I’m ready to ignore his question, clam up and hide away. It’s painful to talk about my family, to remember Pops’ yelling, Maeve’s silence, Collins’ medical emergency, Briar running away. How alone I felt in that big house to the point that I was suffocating and needed to do anything, take anything, to feel alive. To feel seen.
I don’t want to share, to bring up those old memories. To taint this easy truce we’ve seemed to develop.
“No,” I say quickly. “We didn’t really do traditions.”
“Ah.” He nods, face lightening with understanding. “Holidays? Family celebrations?”
I shake my head. “Nope. We didn’t really do the family thing.”
If I thought he was capable of it, I’d say he looks almost sympathetic.
“Why do you want to know?”
“Because…” He licks a drop of red from his lips and I’m drawn to the slip of tongue. I know how wicked that thing is. “This is your family now, Sloane. We’re your family. Our traditions are yours and you’ll always belong.”
“If we’re still married by the end of the year, sure,” I retort, dropping a few more tomatoes into the press. There I am—typical Sloane trying to put up walls, remind him that I’m leaving, that this is all a farce. Because I can’t let myself think that I actually have a family, that Lex actually wants me to stay.
A gloved hand grabs my chin, forcing me to meet his eyes.
Copper orbs, with flecks of dark brown glare into my face and my pulse jumps in anticipation.

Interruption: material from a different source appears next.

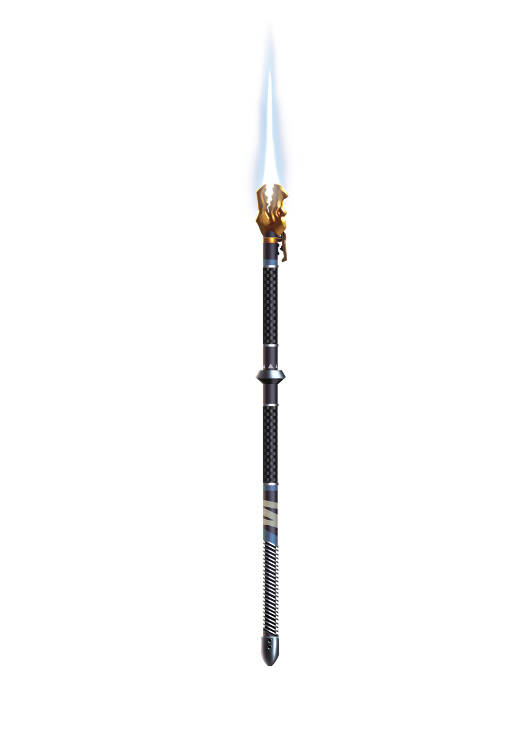 Ce long bâton qui ne paie pas de mine est une torche de découpage au plasma destinée aux chevaliers de la section Cyclope. De l’air est aspiré d’un côté, ionisé, puis soumis à un arc électrique, ce qui donne une flamme au plasma de l’autre côté. Elle se manie à deux mains, comme une lance. Sa longueur permet de tenir les adversaires en respect. Sa flamme à 18 000 °C est d’une efficacité redoutable face aux adversaires en armure.

“Remember, little menace,” he breathes into my face, smelling like wine, sauce, and smoke. “You agreed to stay. I own you, every fucking bit of you. Your soul is mine, your heart is mine. We’ll still be married by the end of the year because I’m not letting you go.”
“You seem so sure,” I say, hands curling into the top of his pants to hold still.
“Oh, I am. You’re not going anywhere. I won’t allow it.”
Dom makes a gagging noise, taking his half of the tomatoes away. His interruption breaks our connection, Lex’s hand falling to loosely hold my face.
“Christmas eve.” I sigh, enjoying his touch. “Collins and I would stay up late, watching old Christmas movies, drinking hot chocolate and playing board games. As we got older it became about watching the Hallmark movies. That’s the only holiday tradition we really have.”
He scans my face, reading every emotion written plainly there. I’ve never been good at hiding my emotions. “That’s it?”
I shrug. “My mother died when I was young, Pops was always off taking care of the clan with Maeve, and when Collins got sick, everything just stopped.”
His forehead crinkles. “But she recovered.”
I nod, understanding his confusion. “Well, yeah, but by that point Pops had his new faux bittie.” He tilts his head, trying to understand. “His fake wife. I don’t even know her name, never bothered to learn it. She never interacted with us, just kind of showed up one day and never left. By then, he didn’t really care about us kids. He had the new girl on his arm, the clan was taking off. So we were kind of left to our own devices.”
Holding up my hand, stained red and sticky from tomatoes, Lex brushes lips to my knuckles.
“Believe it or not, Sloane, but you’ll never be left to your own devices again. Never.”